LOS ANGELES — California air regulators on Friday approved a substantial cut to carbon pollution from gasoline and diesel fuels, a move that will force oil producers to reduce the amount of carbon generated by all transportation fuels in the state at least 10 percent by 2020.
The action, coming two weeks after a stinging defeat for Gov. Jerry Brown’s planned 50 percent cut in petroleum use by 2030, signaled his administration’s determination to press forward with an aggressive environmental agenda through the regulatory process rather than by legislation.
The rule approved Friday by the California Air Resources Board was originally adopted in 2009 but was fought tenaciously by oil and gas companies, which were able to use legal challenges to keep it partially on hold. Although the cut is smaller than the governor had wanted, state regulators are bullish that it can help halve petroleum consumption, even though the legislation setting that goal failed.

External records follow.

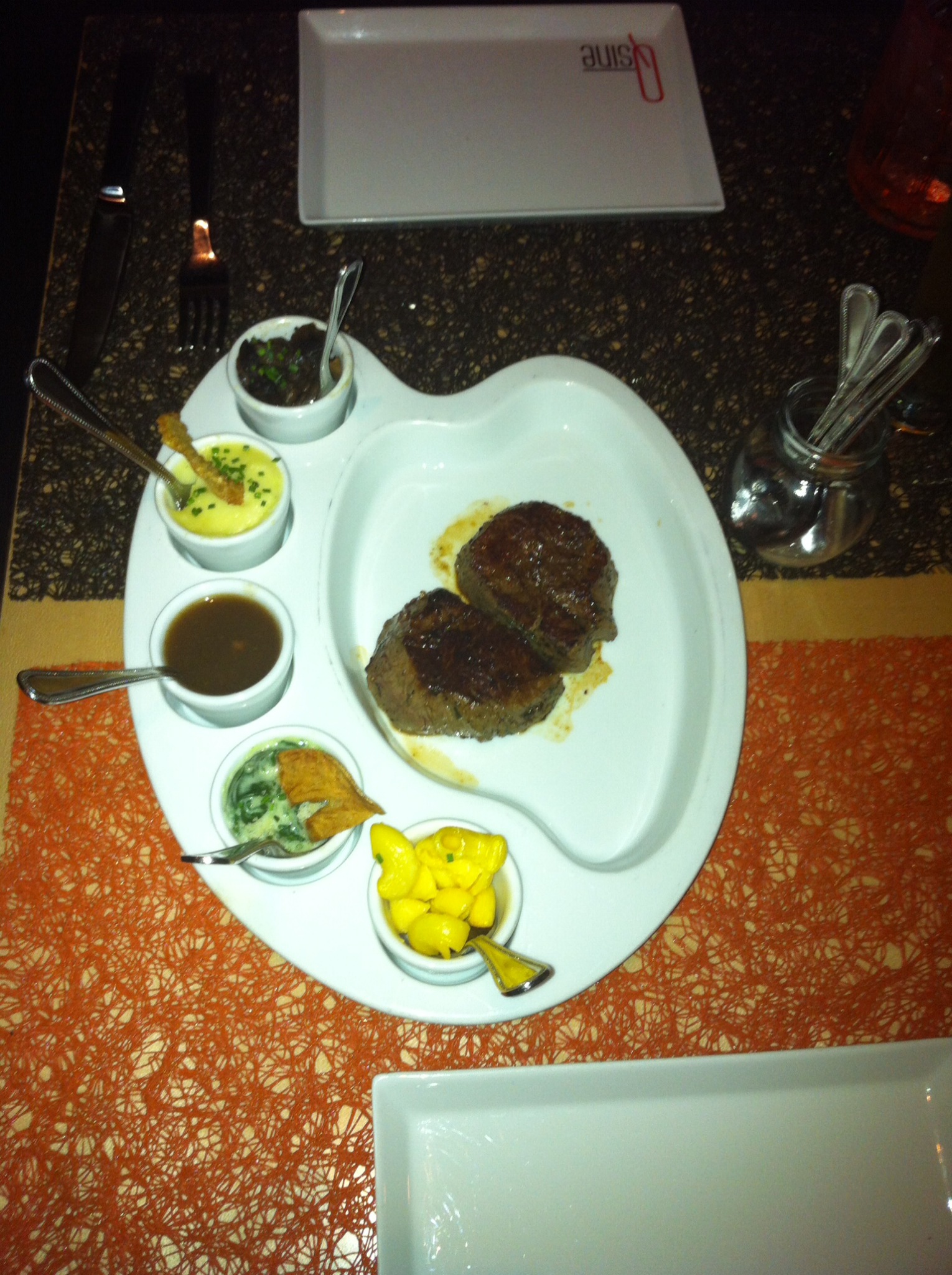 We had spring rolls that turn up in springs, a Chinese medley which turned up in martini glasses with no stems, filet mignon presented on a painters palate with all the accompaniments ready to be painted on your steak. The steak was gorgeous and trust me we know our steak. The beef tacos come with all the ingredients to make your own guacamole and you can even make your own mojito.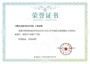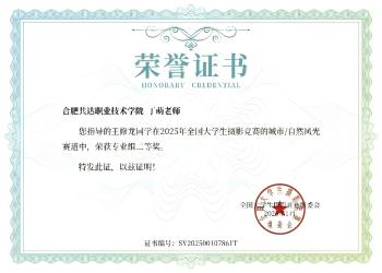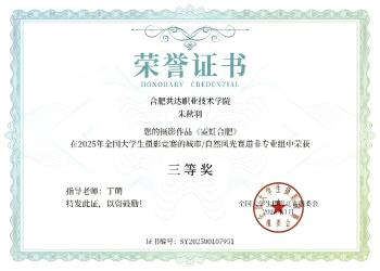 同系学生朱秋羽则收获双重荣誉,成为本次赛事中的一大亮点。其作品《霓虹合肥》在城市/自然风光赛道非专业组中斩获三等奖,作品聚焦合肥城市夜景,以霓虹光影为叙事线索,捕捉城市夜晚的活力与温度,用细腻的镜头语言勾勒出都市发展的鲜活图景,展现了对城市生活的敏锐观察与独特表达。同时,朱秋羽在赛事志愿者宣传工作中积极奉献、履职尽责,凭借认真负责的工作态度与突出的工作成效,获评“优秀志愿者”称号,用实际行动践行了“奉献、友爱、互助、进步”的志愿精神,为赛事的顺利开展贡献了青春力量。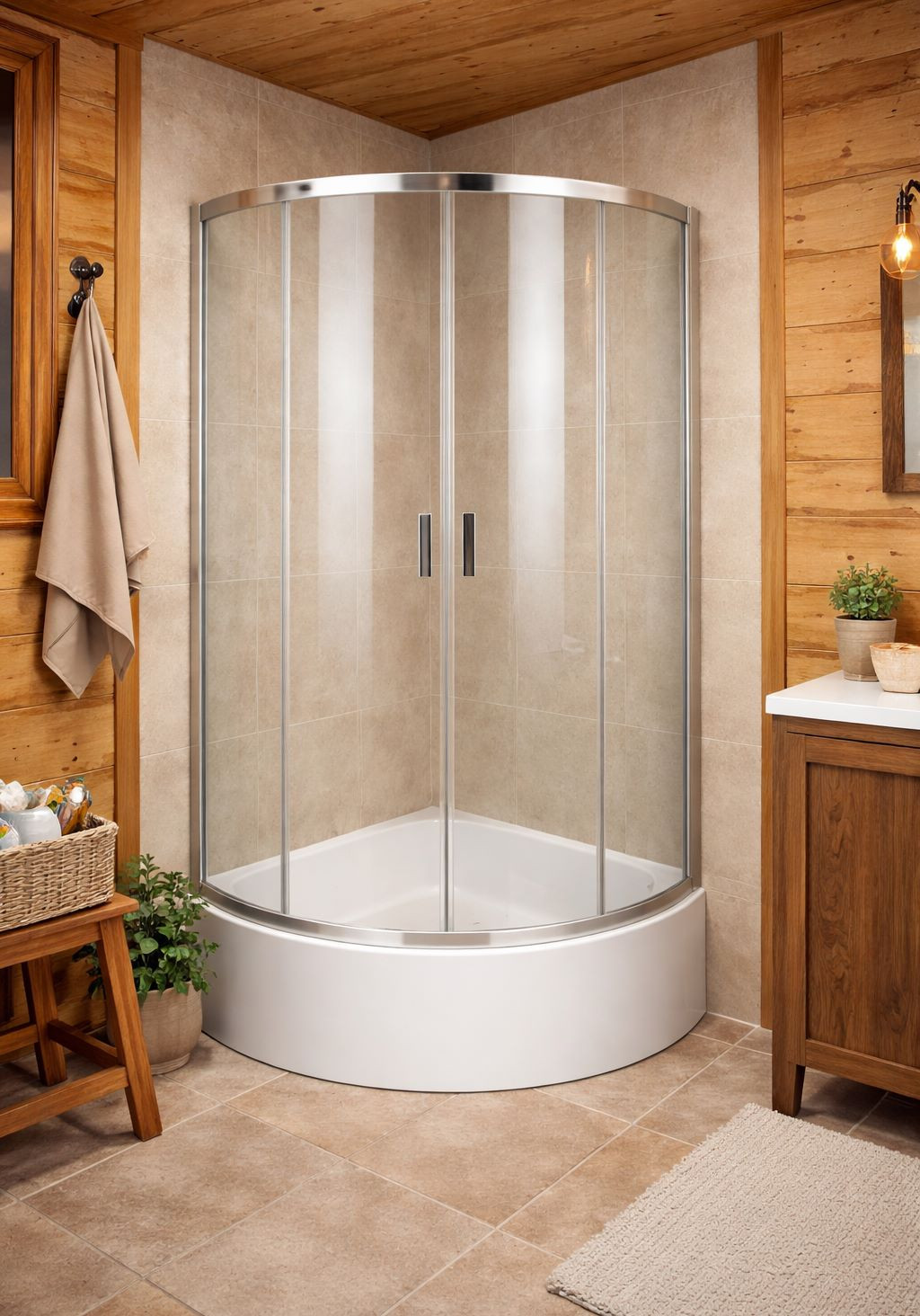 Čtvrtkruhový sprchový kout Toledo plus s hlubokou akrylátovou vaničkou vyniká vysoce kvalitním zpracováním a spolehlivou funkčností všech součástí a materiálů. Komfortní odklápěcí pojezdy výrazně usnadňují údržbu sprchového koutu.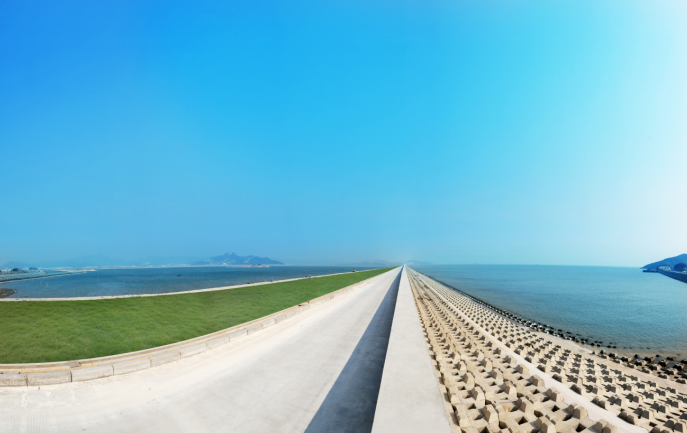 工程圍涂面積2.12萬畝,海堤全長約5345m。工程項目由海堤、水閘、排澇河、防波堤、船閘、交通堤、交通橋等組成。海堤工程包括南堤4508.3m、北堤840m;水閘工程炮臺山主排閘5孔×8m、飯桶山主納閘凈寬4孔×8m、貓頭納排閘3孔×3m、竹灣沖沙閘1孔×3m;河道工程包括炮臺山河道3081m、貓頭納排河2390m、白巖山主排河1300m、飯桶山主排河(3064m)以及南區(qū)納潮干河(4073m);防波堤長為703.87m;船閘凈寬10m;交通工程包括Ⅰ號交通堤、Ⅱ號交通堤及北分支、南分支交通堤,施工道路、竹灣碼頭、竹灣錨地、毛灣碼頭及防波堤、1#交通橋、2#交通橋。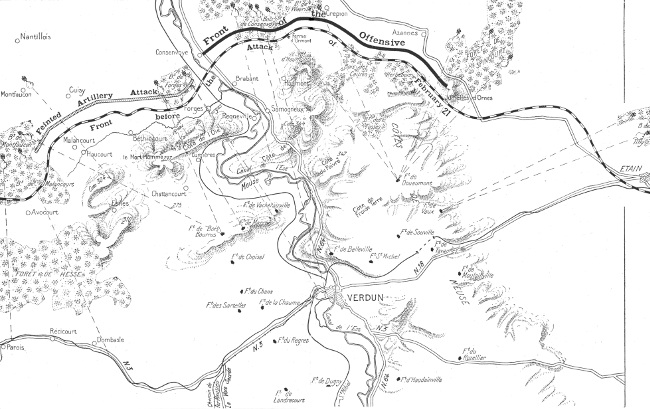 The Germans, who had fourteen railways at their disposal, and who, during a long and careful preparation, had concentrated seven army corps and extraordinarily powerful artillery, comprising at least 3,000 guns of all calibres, attacked the French, who had a river in their rear and whose one solitary broad-gauge railway was under enemy gun-fire. By sacrificing men and material on a lavish scale the enemy counted on rapidly overcoming all obstacles, level the French trenches, crush the centres of resistance under a deluge of 17-inch, 15-inch and 12-inch shells, isolate them with barrage fire from 8-inch guns and poison-gas shells, [Pg 9] and occupy the destroyed positions—such were to be the German tactics. They were so sure, by repeated smashing blows, of breaking through between Bras and Douaumont, and, by their attack on Verdun, of forcing the French to withdraw their wings, that they neglected first to attack the French positions on the left bank and in the Woevre plain, with the result that their colossal effort broke down before the tenacious resistance and heroism of the French.

“This policy is at the very heart of that goal of a 50 percent reduction — even just doing what we’re doing now will get us pretty close,” said Daniel Sperling, a member of the California Air Resources Board.
Thus far, Oregon is the only other state with a carbon fuel standard like California’s. But Mr. Sperling said that as vehicle fuel efficiency rules also took effect and the policies combined to reduce oil use, he expected that other states would follow suit. “This is the best model in the world right now for how to reduce the carbon intensity of our fuels,” Mr. Sperling said. “It’s a model that I think we’re going to see more and more other places imitate.”
But any further efforts to push down petroleum consumption will run up against the same muscular opposition from the oil industry that was able to hand Mr. Brown one of his few big political defeats in recent years.
The change will hit consumers in the pocketbook: The state’s own projections estimate that fuel costs could rise 13 cents per gallon by 2020 as a result of the low-carbon standard.
The Western States Petroleum Association, which led the charge against the 50 percent reduction, argued that low-carbon fuel rules had not been a success so far. “While there have been some advances in the biofuels technology since the standard was introduced,” said the association’s president, Catherine Reheis-Boyd, in a written statement, “there are still not enough low-carbon biofuels available in sufficient quantities to allow refiners to comply with the regulations.”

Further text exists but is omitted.